Para o jornalista iraniano e presidente do Gatestone Institute, Amir Taheri, a posição de Khamenei é evidente desde as primeiras páginas do livro: Israel não tem o direito a existir. O clérigo destaca o único país com características ocidentais do Médio Oriente como um “adou” (inimigo), um “doshman” (adversário) e um “tumor cancerígeno”. E, sendo este um “tumor cancerígeno”, a sua eliminação serviria, na sua perspectiva, para avisar o mundo de que “a hegemonia e as ameaças do Ocidente” passariam a ser desacreditadas no Médio Oriente. A isto sucederia a promoção da “hegemonia do Irão”.

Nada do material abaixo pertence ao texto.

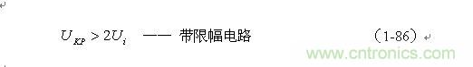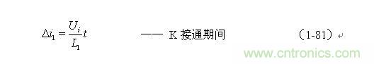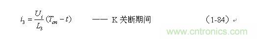 根據(jù)圖1-17,加到開關(guān)器件(控制開關(guān))兩端的峰值電壓UKP正好等于輸入電壓Ui與反電動勢峰值Up-之和,即:
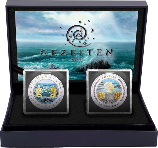 Im Zentrum der Motive sind zwei Meerjungfrauen abgebildet, die sich jeweils an einem Anker festhalten. Eine Münze zeigt mittig die Ebbe und die zweite Münze zeigt mittig die Flut auf der Münz-Vorderseite, jeweils wunderschön coloriert. Auf der Rückseite wird auf beiden Münzen der Nennwert und auch das Portrait der Queen Elisabeth II abgebildet. Zusätzlich sind zwei Kreise abgebildet, die einen Einblick in das “innenliegende” Uhrwerk, wie es auch häufig bei Automatikuhren genutzt wird, symbolisieren sollen.
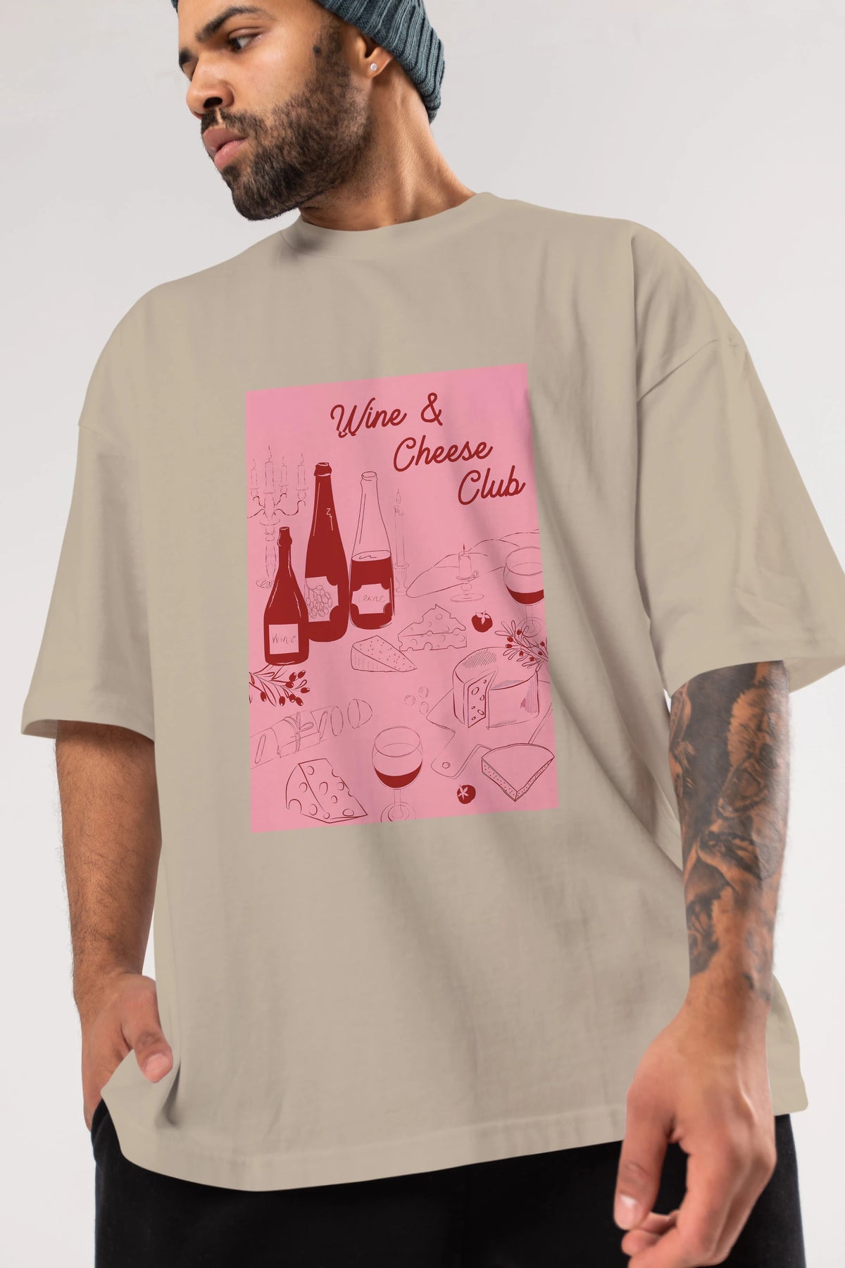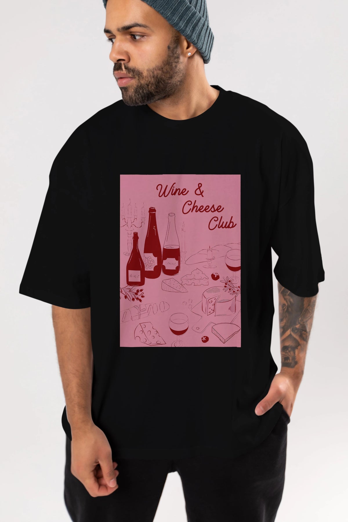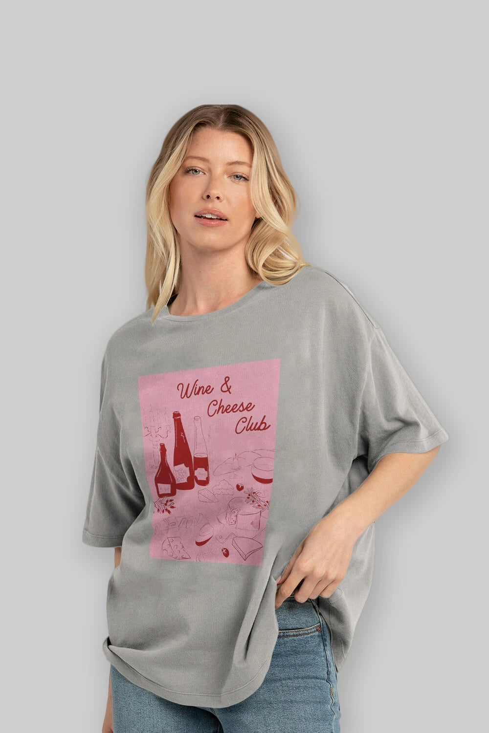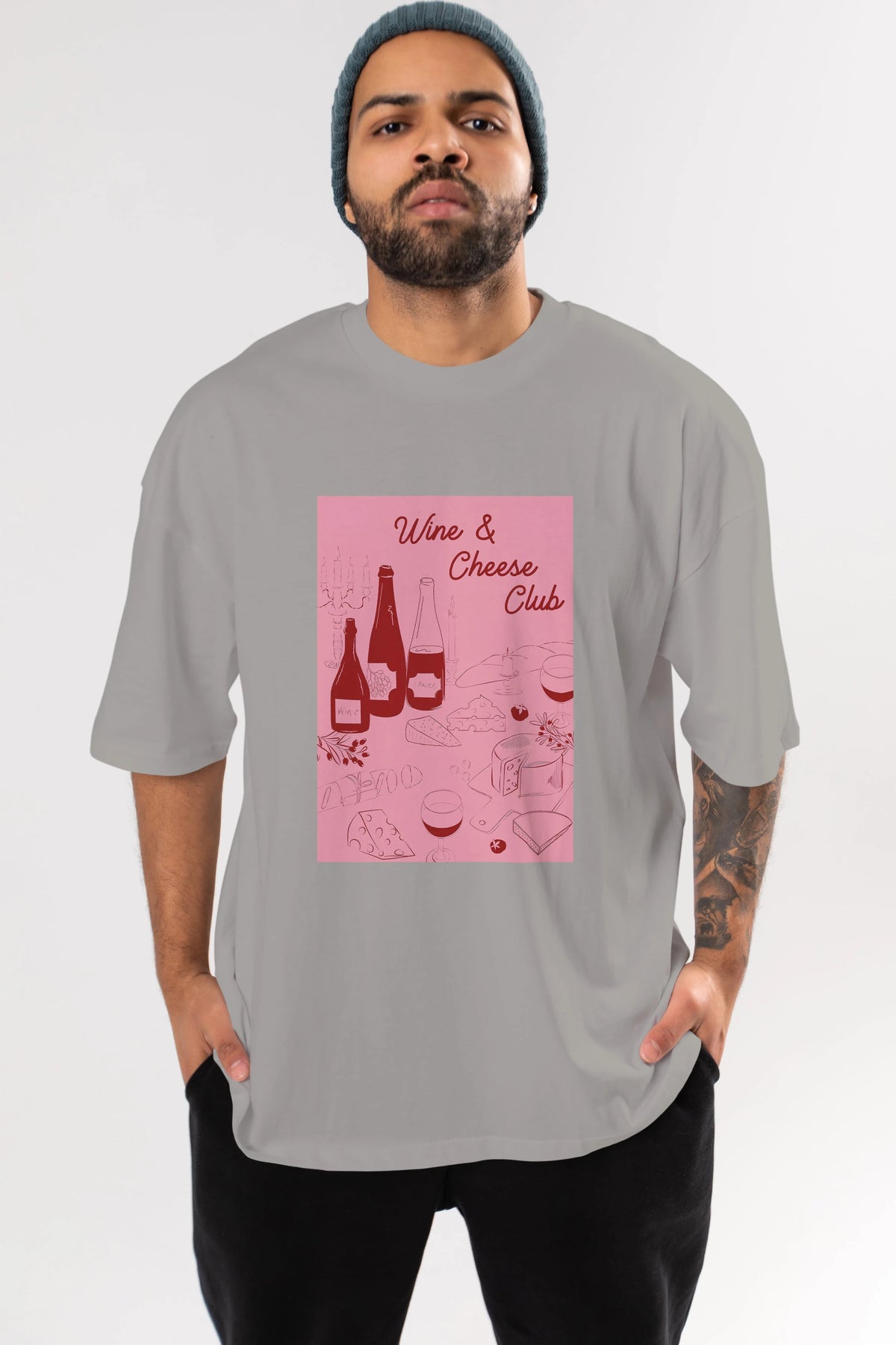 Wine Cheese Club Ön Baskılı Oversize t-shirt Erkek Kadın Unisex %100 Pamuk Bisiklet Yaka tişort

Segundo o antigo director executivo-chefe do jornal Kayhan, a estratégia delineada pelo líder supremo do Irão para destruir Israel assenta em três conceitos: na “nabudi” (aniquilação), no “imha” (desvanecimento) e na “zaval” (obliteração). Embora, por vezes, pareça recomendar uma “guerra clássica” contra o Estado judaico — e deseje, implicitamente, um massacre dos judeus —, o líder iraniano propõe uma alternativa: um período curto de guerra de baixa intensidade, suficientemente destrutiva para tornar a vida em Israel insuportável, forçando assim a maioria dos judeus a abandonar o país.

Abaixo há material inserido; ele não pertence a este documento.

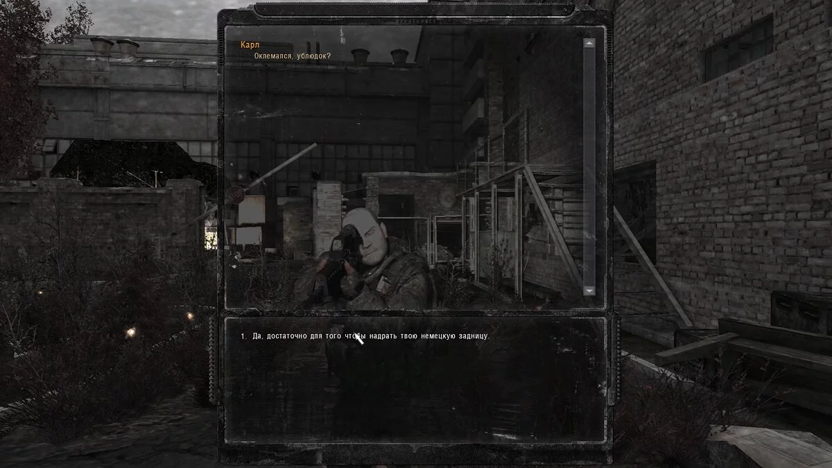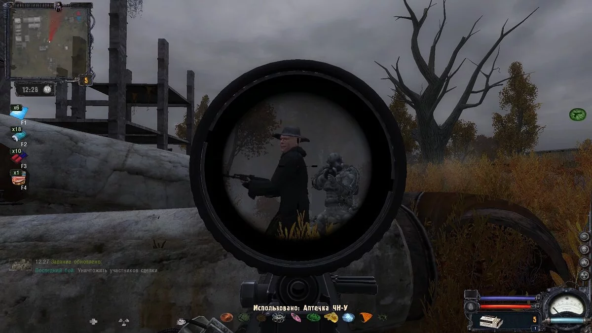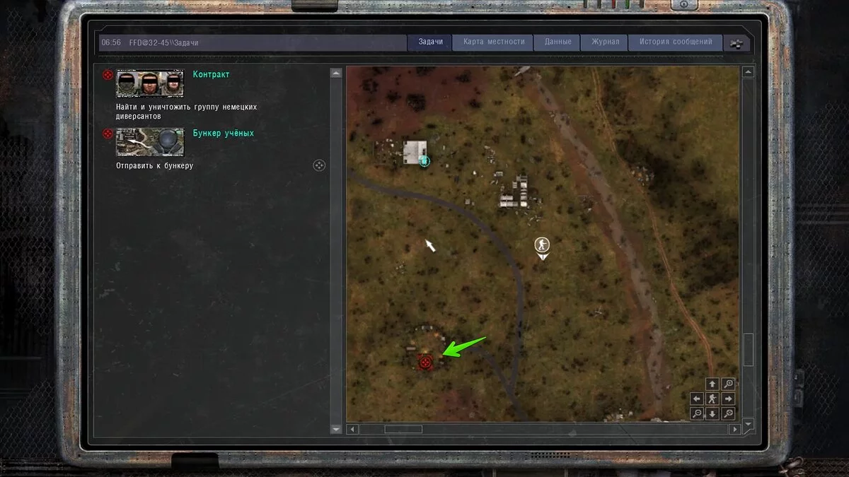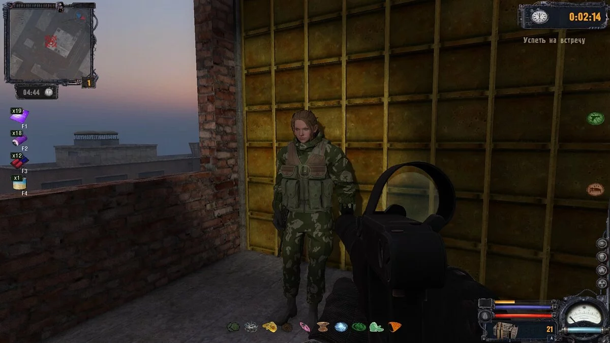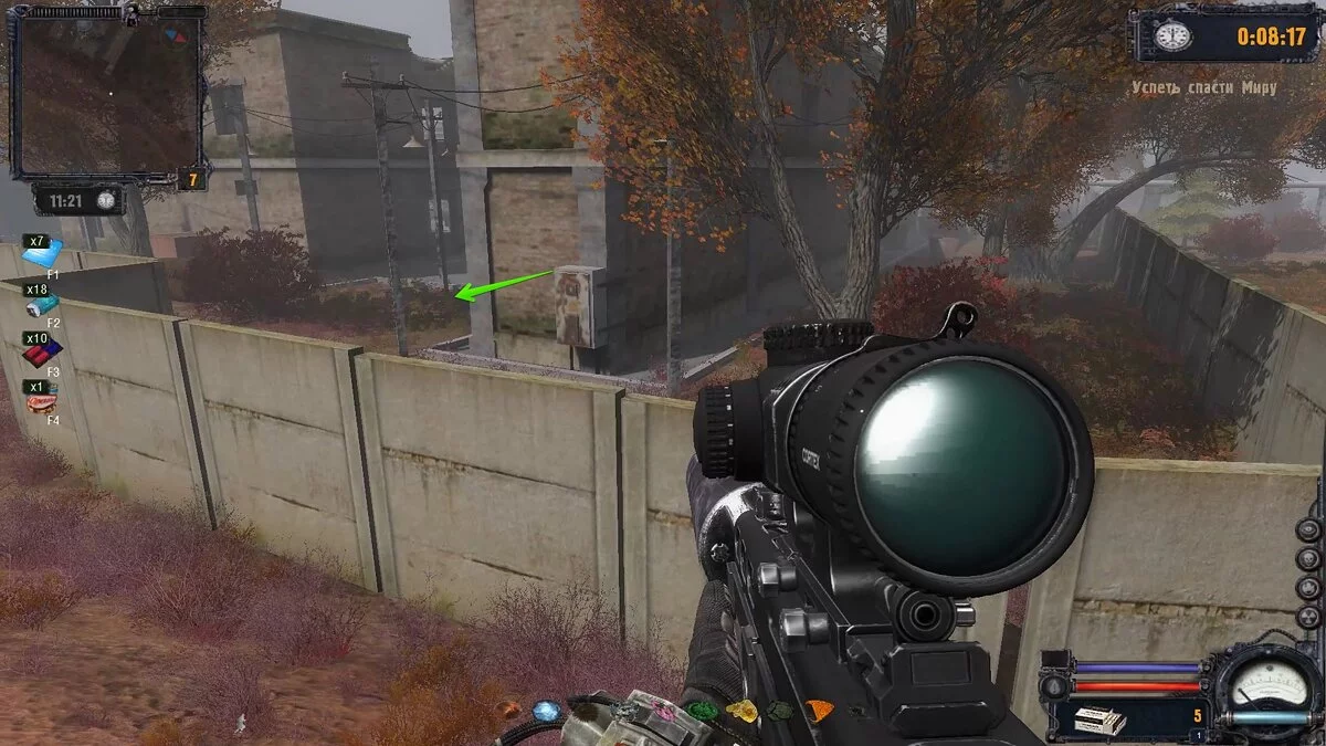 По завершении беседы задание обновится — кто-то застрелит немца, а в верхнем правом углу экрана появится таймер. За отведённое время вам нужно добраться до стройки и познакомиться со снайпером. Предварительно советуем вернуть все свои вещи и снаряжение, так как по пути вы встретите большое количество сильных мутантов.

A solução proposta pelo clérigo não admite, portanto, a sobrevivência de Israel. A fórmula de um Estado, cujo nome viria a ser “Palestina”, ficaria sob domínio muçulmano, se bem que alguns judeus israelitas que conseguissem demonstrar “raízes genuínas” na região referida poderiam permanecer como “minorias protegidas”. Mais concretamente, Khamenei planeia que o território que actualmente engloba o Estado de Israel, a Faixa Ocidental e a Faixa de Gaza fiquem, durante um curto período, sob um mandato das Nações Unidas, dentro do qual se realizaria um referendo que iria resultar, deve o líder supremo presumir, na criação de um Estado palestiniano. O clérigo louco deve estar ciente dos resultados desse hipotético referendo: todos os “palestinianos”, de onde quer que viessem, poderiam participar nele, enquanto os judeus “que viessem de outros locais” seriam excluídos. Muito provavelmente, os judeus voltariam a ser os “dhimmis” (expressão cunhada por Bat Ye’or) deste Estado. Por exemplo, uma grande parte dos cidadãos da Jordânia (cerca de três quartos deste país está localizado na Palestina histórica) poderiam, é quase certo, participar nesse referendo. E Taheri menciona que estudos do Ministério dos Negócios Estrangeiros iraniano já indicaram que cerca de oito milhões de palestinianos provenientes de todo o mundo poderiam participar.
Este livro também foi uma oportunidade para que o líder supremo do Irão se tenha gabado da sua responsabilidade nos ataques terroristas proveniente do Líbano, especialmente na guerra desencadeada pelo Hezbollah em 2006, e de Gaza, iniciada pelo Hamas, contra Israel, admitindo a sua associação no esquema de recrutamento de combatentes na Faixa Ocidental.
Resta esperança
Se nos guiarmos por conceito algo básicos de ciência política e se estivermos minimamente informados sobre a elite política do Irão das últimas cinco décadas, torna-se evidente que Israel e os seus aliados sofrem uma ameaça existencial. E isso deveria abrir os olhos a todos aqueles que ainda duvidam da legitimidade do único Estado ocidental do Médio Oriente em agir militarmente contra o Irão, um estado verdadeiramente desestabilizador e sanguinário. Que as democracias sejam sempre apoiadas nas suas lutas contra os Estados loucos.